There is no “consensus” on spending cuts. Probably because without a budget to work with cutting spending is difficult. Other than a few vacant patronage jobs the only item really on the table here is limiting Thornton’s unending raid on the state budget. As we noted before, O’Malley’s changes would have the effect of keeping in place increased funding to those counties, both of them and Baltimore City, that went heavily for O’Malley in 2006. Those slammed would be those counties who voted for the much maligned and now much missed Other Guy.

Baltimore City’s delegation has pledged to vote against any bill that trims education spending. Without stopping the growth of that self-licking ice cream cone it is hard to see how any budget will be balanced in the future.

As we reported a few days ago, the increase in the state income tax rate is really up for grabs. It seems like it will increase but the MoCo delegation really has their knickers in a knot over this. Of course, the MoCo delegation is famous for shooting their mouth off when the press is watching and then falling meekly into the party goose step when it comes time to vote.

There is good news. Senator James Brochin, (D-Baltimore County) has said he will join a Republican filibuster against tax increases.

WBAL reports that Senator Lowell Stotzfus asked a hard question of the O’Malley administration, something the Baltimore Sun is unwilling to do.

Senator Lowell Stoltzfus questioned the proposal to put slot machines at Ocean Downs Racetrack in Worcester County, which Stoltzfus represents.

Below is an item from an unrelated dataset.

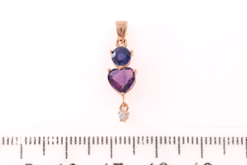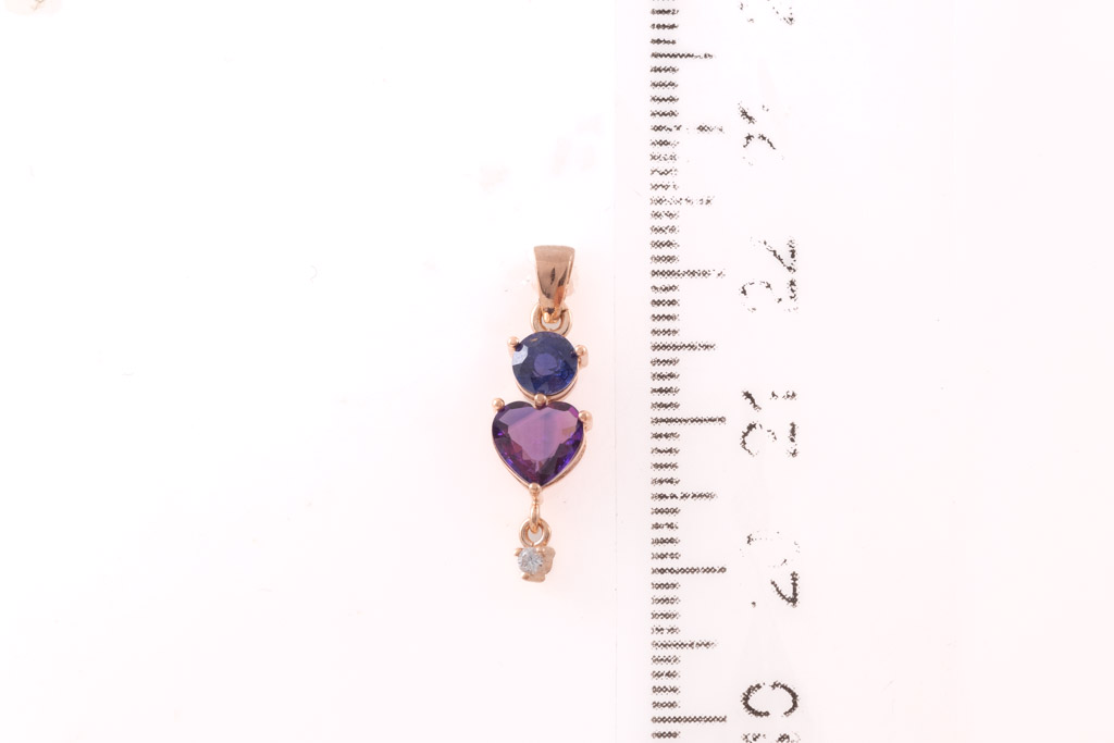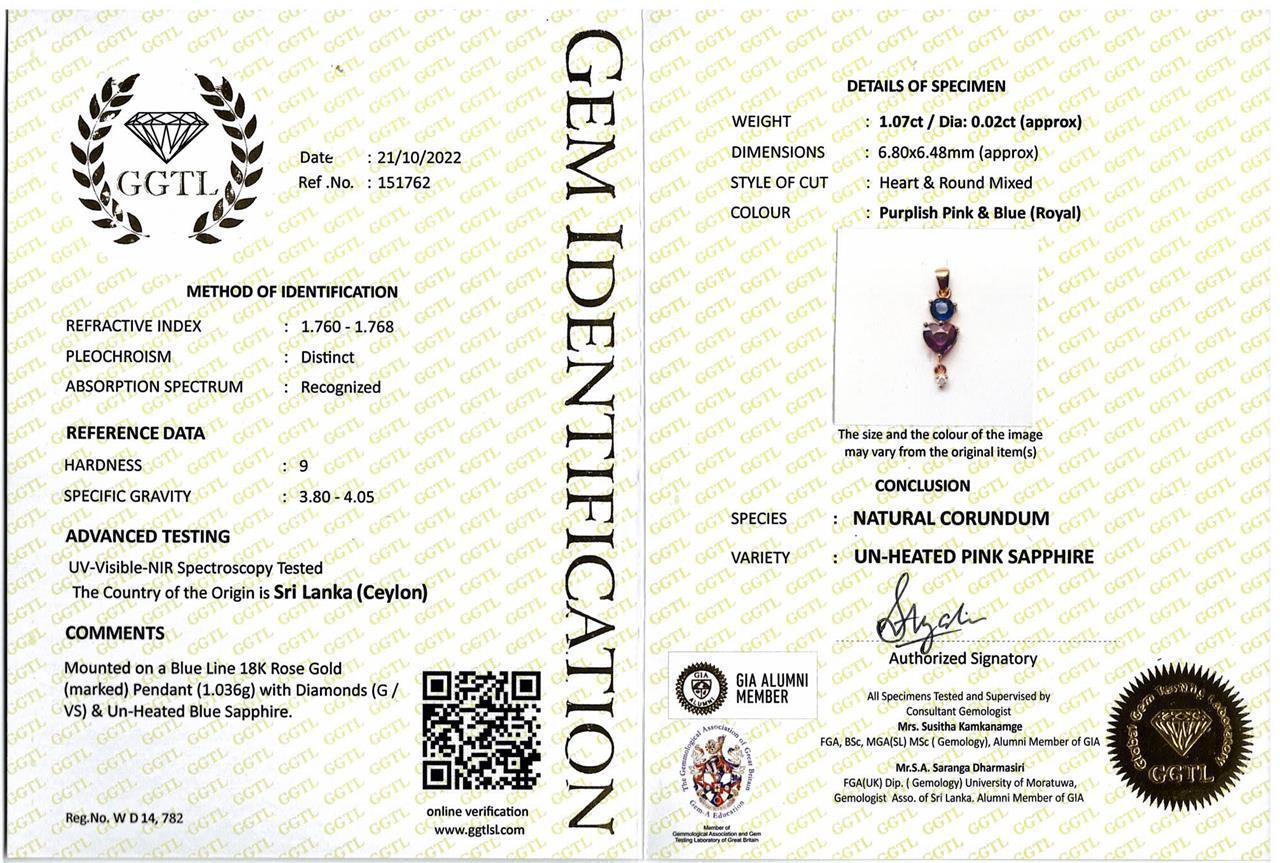 Natural Unheated Sapphire Pendant with heart shaped deep purplish-pink Sapphire of approximately 0.84ct and blue unheated round Sapphire of approximately 0.23ct and Diamond of approximately 0.02ct (With gem report). 18ct rose gold. Weight 1.0g. No chain supplied. (As New)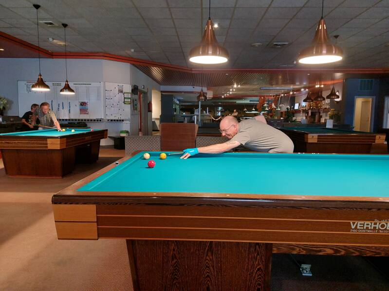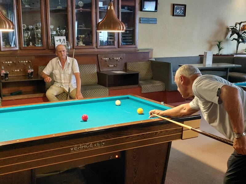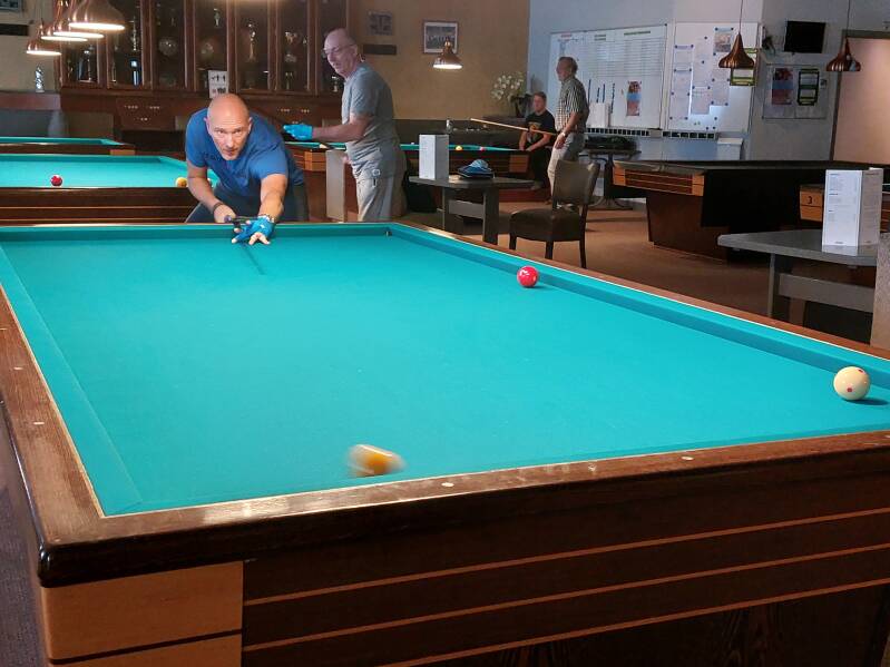 Onze "jongste" telg van de club (volgende maand 97) is weer te been. We wensen Nand nog veel plezier aan een van onze biljart tafels.

Stoltzfus argues that slot machines at the track near Ocean City will sap business from the resort town. The governor’s top legislative aide — Joe Bryce — says the location was chosen because there is already horse racing there and there would be no other slots parlor nearby.

Stoltzfus asked whether the governor was — quote — “bought” — unquote — by a political donation coming from track owners. Bryce said it was unseemly for Stoltzfus to question the governor’s motives and said O’Malley ran for office saying he wanted to put slot machines at racetracks.

I don’t know if the governor can be bought, but there is a lot of evidence that he can be rented fairly easily.

Now from our correspondent in Annapois we have the inside baseball story.

There is no session today, the time being devoted to cutting deals, trading horses, parceling out favors, and issuing threats. Tomorrow at 1pm the Budget and Taxation Committee meets to begin voting on parts of the O’Malley tax scheme. Key items that will be considered are limiting Thornton (see discussion above) and raiding the Program Open Space coffers.

Our source says that beneath the radar the corporate tax portions of the O’Malley tax scheme are in real trouble. A lot of key Dem contributors are saying no-non-nein-nyet (or “no, nay, never” in tribute to O’Malley’s March) to these increases and legislators are listening.

The sales tax will hit 6%. It will take in a lot of other business services. And the extension of those services will occur, figuratively, in the dead of the night, so the affected businesses will not have time to organize.

Governor O’Malley is reportedly set to claim victory if the the sales tax is raised to 6%, regardless of what happens to the rest of his scheme.